I am working with collision data and want to run a few tests. I thought a chi-square was what I wanted, but it doesn't let me say what I want to. Then I thought a z-test of two proportions was what I wanted, but I realized I'm violating the major assumption of independence.
DV: Injury severity of collision (either fatal/severe or non-fatal/severe). IV: Road classification that collision occurred on (principal, primary, major, collector, secondary and local).

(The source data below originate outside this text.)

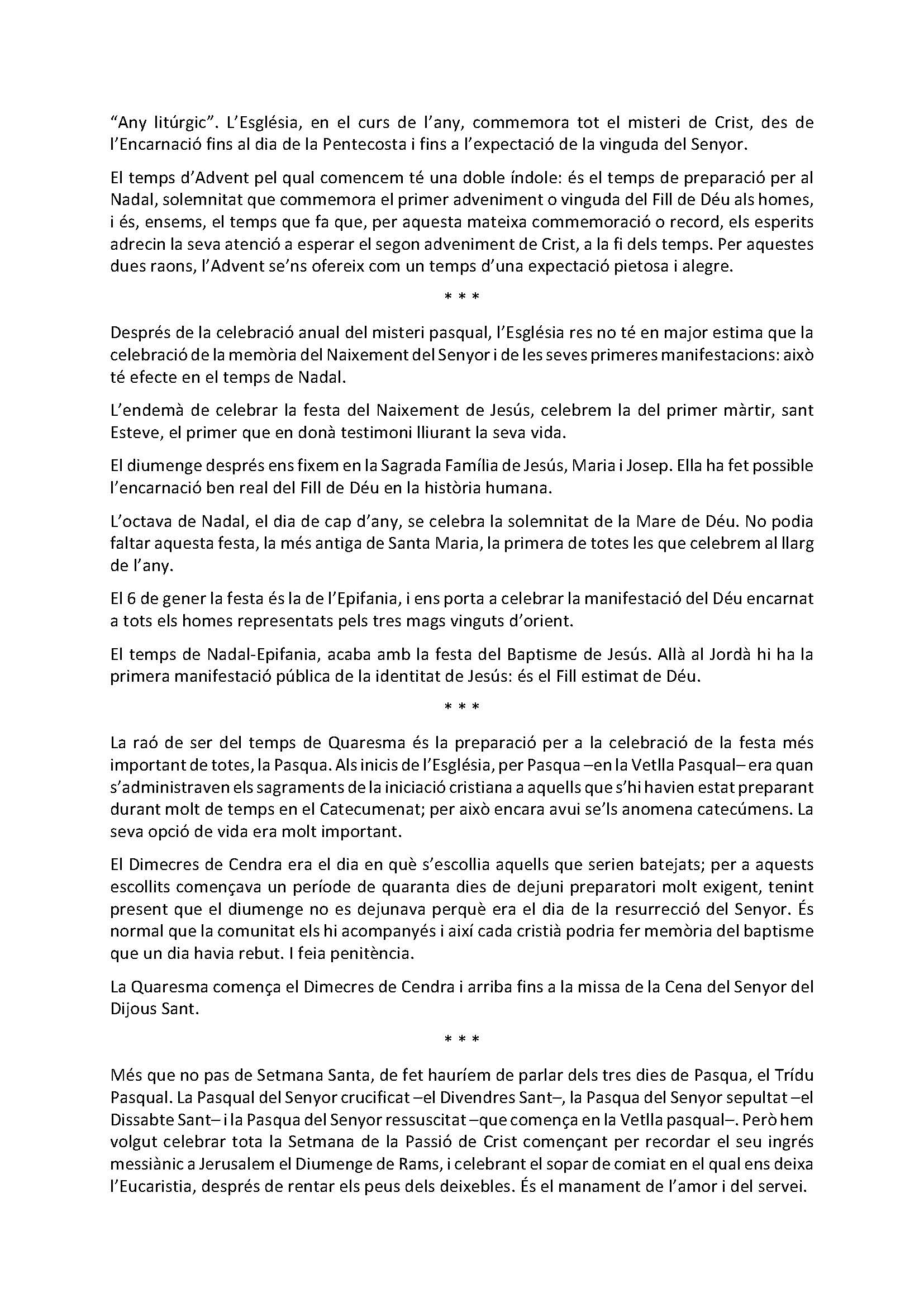 Hem estat fent amb els pares un tema de formació, amb el mossèn i les catequistes, tema que després els ha de servir per ajudar els nens i nenes en la comprensió i assimilació del que van fent a la catequesi.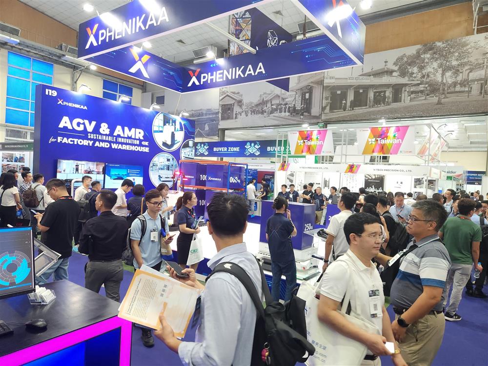 Đặc biệt, tại gian hàng của Phenikaa-X đã giới thiệu tới những người tham quan triển lãm Phenikaa-X AMR Pallet Mover là xe tự hành tiên tiến nhất (AMR) được thiết kế để vận chuyển hàng hóa nặng trên pallet với độ an toàn và hiệu quả cao. Kết hợp các tính năng tiên tiến và công nghệ hiện đại, AMR Pallet Mover đáp ứng mọi nhu cầu vận chuyển trong môi trường công nghiệp hiện đại. Sản phẩm được thiết kế và sản xuất tại Việt Nam, mang thương hiệu hàng của người Việt.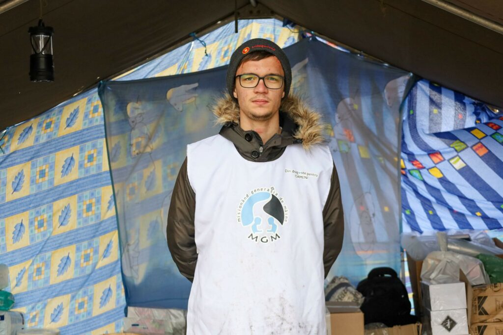 I en af madboderne står 24-årige Aurelis, der arbejder for en rumænske hjælpeorganisation, som forsøger at hjælpe ukrainerne.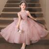 Vestido infantil europeo y americano nuevo con lazo y calcomanía de princesa, vestido de malla, elegante vestido de actuación de piano, pasarela.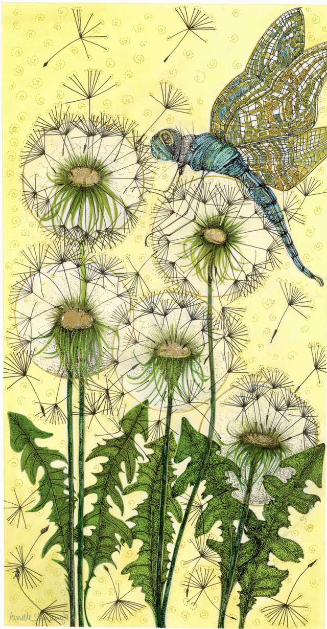 Dragonfly with Dandelions Original SOLD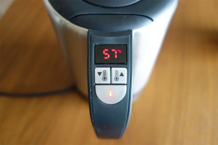 電源ボタンを入れると、温度の表示はいったんオフに。水の温度が30度になると、そこから100度の間で1度刻みに現在の温度を表示してくれます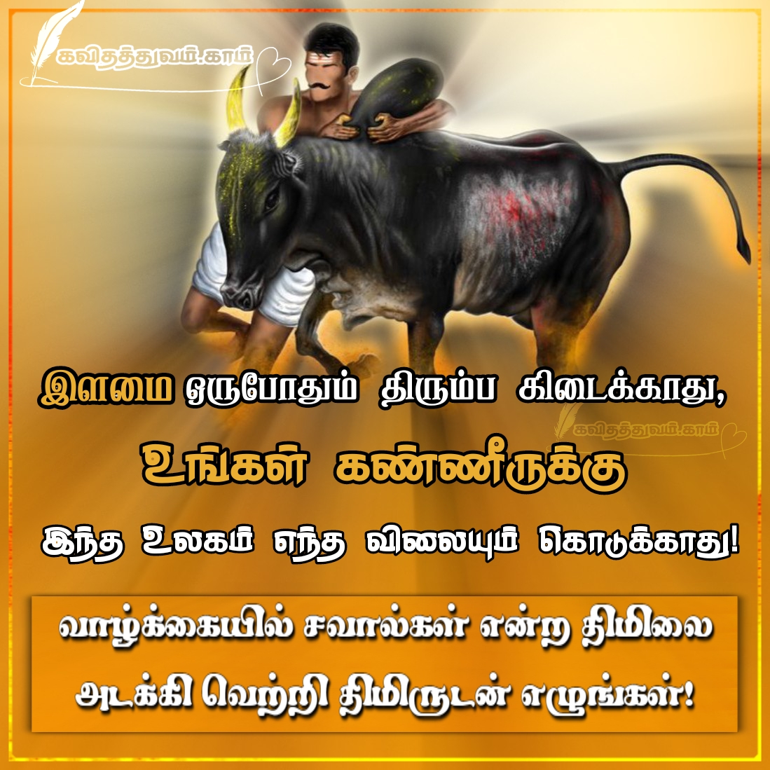 இளமை ஒருகாலமும் திரும்ப கிடைக்காது, உங்கள் கண்ணீருக்கு இந்த உலகம் எந்த விலையும் கொடுக்காது! வாழ்க்கையில் சவால்கள் என்ற திமிலை அடக்கி வெற்றி திமிருடன் எழுங்கள்!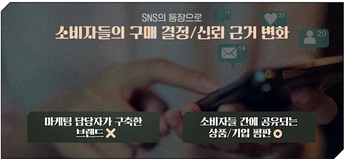 현재에는 소비자들이 기업과 제품에 대한 평판을 가장 신뢰하는 것으로 나타났습니다. 가족, 친지, 지인으로부터 전해지는 상품에 대한 경험과 평가, 그리고 온라인상에서 고객의 상품평이 영향력을 행사하고 있습니다. 기업은 플랫폼을 통해 고객들과 상호작용하고, 재미있고 공감할 수 있는 이야기를 통해 브랜드를 구축하고자 합니다.

I want to be able to determine:
Is the distribution of crash severity the same for all road classifications? I would conduct six chi-square test of homogeneity, where each record would take on six new dummy variables for each road class—the collision was either on a primary road (=TRUE) or not on a primary road (=FALSE); on a major road (=TRUE) or not on a major road (=FALSE); etc. The results are below:
Is there a significant difference between the proportion of collisions that were fatal/severe and the proportion of collisions that were non-fatal/severe? This is where I messed up, forgetting that these two are not independent (the more fatal collisions, the fewer non-fatal collisions). Still my incorrect results are below. However, what I want to be able to say with statistical confidence is, "Collisions are between X and X% more likely to be fatal when they occur on Y-type of roads than other types of roads."
Does anyone have any advice on how to choose the right test to say what I want? Any other comments on what would be a better test? Or follow-up tests?